//////////////////////////////////////////////////////////
//									//
//	AnnularDetector					//
//									//
//
//Some description of this very useful class,
//its properties and a short example how to
//use it.
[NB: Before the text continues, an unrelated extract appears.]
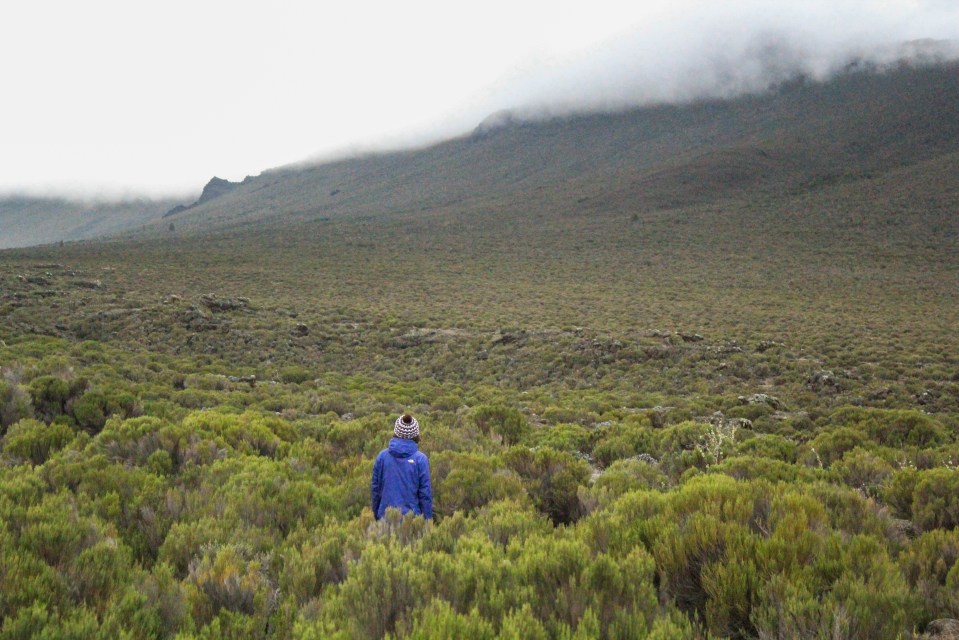 La forêt se raccourcit. S’assèche. On arrive au plateau de Shira. Ici, il n’y a plus que des arbustes et des pierres. A perte de vue. A perte de vent. Seul relief à ce décors, Kibo, sommet principal du Kilimandjaro. Notre objectif.

This text may be partly used in
//PhD thesis.
//
//Description of the detector itself.
//
//														//
//////////////////////////////////////////////////////////

#include "AnnularDetector.h"

ClassImp(AnnularDetector);

TRandom3 AnnularDetector::ranTheta(1);
TRandom3 AnnularDetector::ranPhi(1);


AnnularDetector::AnnularDetector()
{
}

AnnularDetector::~AnnularDetector()
{
}

Int_t AnnularDetector::GetChMultiplicity(Bool_t sec)
{
	//Calculate the number of strips which detected signal in one event
	Int_t mult = 0;

	if (sec == 1) {
		for (Int_t i = 0; i < 32; i++) {
			if (fChSec[i] != 0) { mult++; }
		}
	}
	else {
		for (Int_t i = 0; i < 32; i++) {
			if (fChRing[i] != 0) { mult++; }
		}
	}

	return mult;
}

Int_t AnnularDetector::GetEMultiplicity(Bool_t sec)
{
	//Calculate the number of strips which detected signal over particular energy threshold in one event
	Int_t mult = 0;

	if (sec == 1) {
		for (Int_t i = 0; i < 32; i++) {
			if (fESec[i] > 0) { mult++; }
		}
	}
	else {
		for (Int_t i = 0; i < 32; i++) {
			if (fERing[i] > 0) { mult++; }
		}
	}

	return mult;
}

Int_t AnnularDetector::Reset()
{
	//Reset variables with energy and angle information

	for (Int_t i = 0; i < 32; i++) {
		fChRing[i] = 0;
		fChSec[i] = 0;
		fERing[i] = 0.;
		fESec[i] = 0.;
	}

	fMultChRing = 0;
	fMultChSec = 0;
	fMultERing = 0;
	fMultESec = 0;

	return 0;
}

Int_t AnnularDetector::FindSec()
{
	//Find first sector where E != 0

	Int_t i = 0;

	for (i = 0; i < fSecNumber; i++) {
		if (fESec[i] > 0.) { break; }
	}

	if (i == fSecNumber) {
		return (-1);
	}

	return i;
}

Int_t AnnularDetector::FindRing()
{
	//Find first ring where E != 0


	if (fDSD == kFALSE) { Warning("FindRing", "May not be used for this detector (SSD)"); }

	Int_t i = 0;

	for (i = 0; i < fRingsNumber; i++) {
		if (fERing[i] > 0.) { break; }
	}

	if (i == fRingsNumber) {
		return -1;
	}

	return i;
}

Double_t AnnularDetector::GetTheta(Int_t ring)
{
	//Get the angle theta in radians which was measured in the ring.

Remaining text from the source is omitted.